I have a really nice Fixenstein bike that I put together using an old Benotto touring frame that I bought 20 some-odd years ago, and then a bunch of high-quality parts that I grabbed at various places. However, now I am being seduced by the newer, "cooler" looking frames. Yes, I am a shallow poser. If I weren't concerned about how the bike looked, I wouldn't have bothered with the weird spoke pattern or the matching colored chain.

However, I am not COMPLETELY shallow, if I am going to retire the Benotto frame, I want to get something that is a pretty decent frame. I am completely uninterested in a $35000 titanium fiber aluminum composite carbon inobtanium adamantium ceramic bicycle bell jobby, so I am looking at some of the IRO frames. I like the fact that they are built with the track-style horizontal dropouts, and they seem to be pretty nicely priced. However, there doesn't seem to be any reviews of them here on the site. Has anyone got any comments on these frames?

If these aren't that great, are there any nice road-style (but not too radical) fixie/ss frames for under $500 or so?

Thanks.

David


----------



## asterisk

Take a few minutes and skim through the Fixed Gear Resource thread. There are a ton of links to various frame manufacturers. You might then look at the Surly Pacer or one of Soma's fancier fixed frames.


----------



## djharr

Great. I really dislike the fact that this information about resources for various fixed gear bike pieces is hidden in a sticky thread called "Fixed Gear Resources." How was I supposed to know to look there?

OK, now that I have that bit of sarcasm out of my system, I see that Dave likes the IROs, and has pointers to some other nice frames. I will meditate on these as I decide how best to blow my money.

David


----------



## Alx

if it helps you out a bit also, fixedgeargallery has done a review on 2 IRO models as well as a few other brands.

Check it out
http://fixedgeargallery.com/indexreviewarchives.html


----------



## Richard

While maybe a bit above your $500 price point, the lugged steel Soma's are very nice. While tig-welded frames are fine from a functional standpoint, to me they still somehow look crude.

The Tange Prestige tubed Delancy would be high on my list for a "ground-up" build short of a custom frame or a recycled Keirin frame (if I could ever find one my size.)


----------



## TUT2222

I have an IRO, and think it's great. I got it as a group buy through the Bike Forums SSFG forum, and only paid 150 for it. Be aware, that they sized a little wierd.
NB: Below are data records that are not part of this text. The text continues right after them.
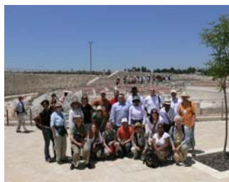
May 2008 Study Tour Group in Jerusalem

foremost concern. The situation is monitored constantly and updates are provided by YMCA colleagues in Jerusalem.
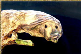
ALIEN 2 - Shuvashis Saha, NBPC, Raiganj
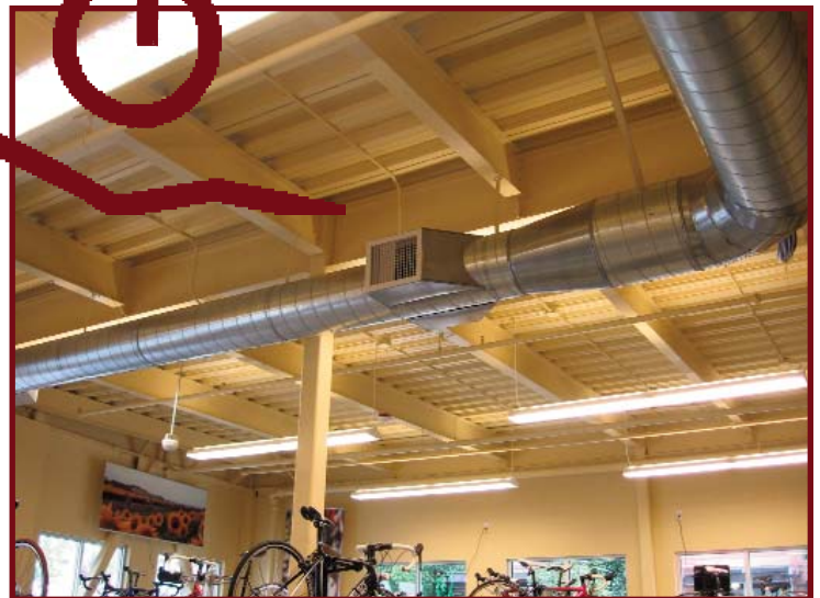
Exposed metal roof decks have replaced standard drop ceilings, which would potentially help in reducing the echo in the space.

I ride either a 54 or 55 normally, and ordered a 56 IRO.


----------



## Cygnus

*Iro*

I got an IRO jamie roy frameset and am very happy with it. i was able to build exactly the bike i wanted--using a frame with horizontal dropouts with 130mm spacing. and, i like light, stiff aluminum frames. at that price you won't get gorgeous welds. but, no issues with the frame or ordering directly from IRO.


----------



## lwkwafi

I am also super happy with my group buy. 
I was tempted by the recent group buy on the single speed cross bike. I already have a san jose, but the color options were great. So i would look there, since my SJ is super sweet steel cross frame, just like the rob roy. (wait, i no longer see that frame on their site. hmm...)
Alas, they are good quality for a good price.


----------



## djharr

Yeah, the Jamie Roy looks like a smoking frame. The only fly in the ointment is that I am really looking for a black frame. However, I may have to bite the bullet and just go with the white IRO.

David


----------



## cogtooth

I had the option of getting a black Jamie Roy last summer, so you could ask when they may get black ones in stock again. My Jamie Roy fixed does not climb as well as my titanium geared bike (it's one tenth the cost, though), but it does climb better than my carbon fiber geared bike.


----------



## Zero Signal

I've never heard anything but great feedback on the Jamie Roy (or any other Iro for that matter). I went with a Jamie Roy with the 130mm spacing so I could potentially do a Nexus Inter 8 geared hub. The bike isn't built yet but I'm hoping to have it tomorrow for a full commute on it on Wednesday.


----------



## Jason Barton

I have a Jamie Roy 53cm and its great as a fixed road bike. Rides pretty stiff with the regular aluminum fork. The lower BB and slack head angle are fine as long as you don't plan on running the high banks.


----------



## djharr

*NIce looking bike*

Wow, that white and black build-up is one nice looking bike. I was originally worried about the Jamie Roy, since I have all black components with a black frame, but I am now thinking that the white frame with all black accoutrements would make a striking contrast. In any case, that is a really beautiful piece you have there, Jason.

David


----------



## crumjack

*My Black Mark V*

I plan to use this on the velodrome this summer.


----------



## Zero Signal

Picked it up last night. Put 17 miles on it and already loving it. The frame is very compliant for aluminum. To be honest, I was hoping it would be stiffer than it is, but I can't complain as the bike is very fast and soaks up rough road very well. I'm also 215lbs without the fanny pack and work clothes strapped to it. I'm running 28c tires right now which will be replaced by 23c when the wear out. They're softer than they need to be on this frame (in my opinion anyway). The fork is flexier than some carbon forks I've seen. I was planning to remove the stickers, but they're under the paint and actually pook pretty decent so they're going to stay.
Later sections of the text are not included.